Pets are cute, cuddly, soft, and, according to a few studies, pets also relieve stress.
One study by Ohio State University found that students who own a cat or dog are less likely to feel lonely and depressed. I enjoy coming home to my two cats at the end of the day, but not all students on and off-campus don’t have this luxury.
Aside from the loneliness and depression, students are highly stressed people. NBC News reported that 1 in 5 college students experience constant stress. Although pets may ease our student burdens, Housing Director Seth Gubler said he won’t allow pets in the dorms for practical reasons.
“There are two specific reasons why pets are not allowed in the dorms: health and safety concerns and concern for the physical facilities,” Gubler said. “With health and safety, the common issue we find is people with sensitive allergies. With the physical facilities, if the animal is not maintained, carpet and furniture can get ripped up and torn pretty easily.”
These reasons are understandable from a business standpoint; however, from the student perspective, a pet’s loyalty and affection may be difficult to sacrifice.
Madison Peterson, a freshman psychology major from Roy, fondly recalled the pet she left behind.
“I would be totally fine with [pets being allowed in dorms],” Peterson said. “If I could bring my dog to college, I would.”
Aalaysia Lindsey, a freshman biology major from Las Vegas, said she doesn’t support the idea of pets being allowed in the dorms.
“I have [a dog], but I don’t want her with me,” Lindsey said.
Another student said she’d be fine with a fish but not a dog, while another said she was fine with cats and small dogs only. Student preference is based around smaller animals, which makes sense given the size of the dorms. I wouldn’t want a giant dog crowding me in such a small space either.

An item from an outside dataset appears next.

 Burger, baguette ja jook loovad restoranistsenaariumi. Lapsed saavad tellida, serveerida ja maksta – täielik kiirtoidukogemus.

The no-pet policy is a strict one for on and off-campus housing; however, animal lovers shouldn’t fret. According to an article by USA Today, some colleges are providing students with dogs for stress relief. Depending on the school, students either visit a room dedicated to the dogs or “check out” a dog through a catalog.
We all have stress, and most of us love animals, so this is an amazing idea that Dixie State University could implement. Testing scores and student performance in general may improve if we can spend time with those designated dogs.

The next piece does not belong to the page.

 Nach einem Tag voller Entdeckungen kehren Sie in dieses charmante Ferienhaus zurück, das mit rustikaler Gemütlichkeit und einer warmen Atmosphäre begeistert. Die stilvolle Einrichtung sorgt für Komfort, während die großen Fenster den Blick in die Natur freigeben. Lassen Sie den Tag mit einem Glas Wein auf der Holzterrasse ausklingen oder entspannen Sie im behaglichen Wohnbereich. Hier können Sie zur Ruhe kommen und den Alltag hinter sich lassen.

This concept of “therapy dogs” may be a possibility for DSU in the future, Gubler said.
“These larger, residence-like communities with thousands of students [like DSU campus] sometimes have enough space to identify certain areas where they might allow pets,” Gubler said. “Maybe during finals week, they might say, ‘if you come into this hall, there’s an animal you can interact with.’”
Until the day we get those animals on campus, it’s best to cuddle your furry friend whenever you go back home.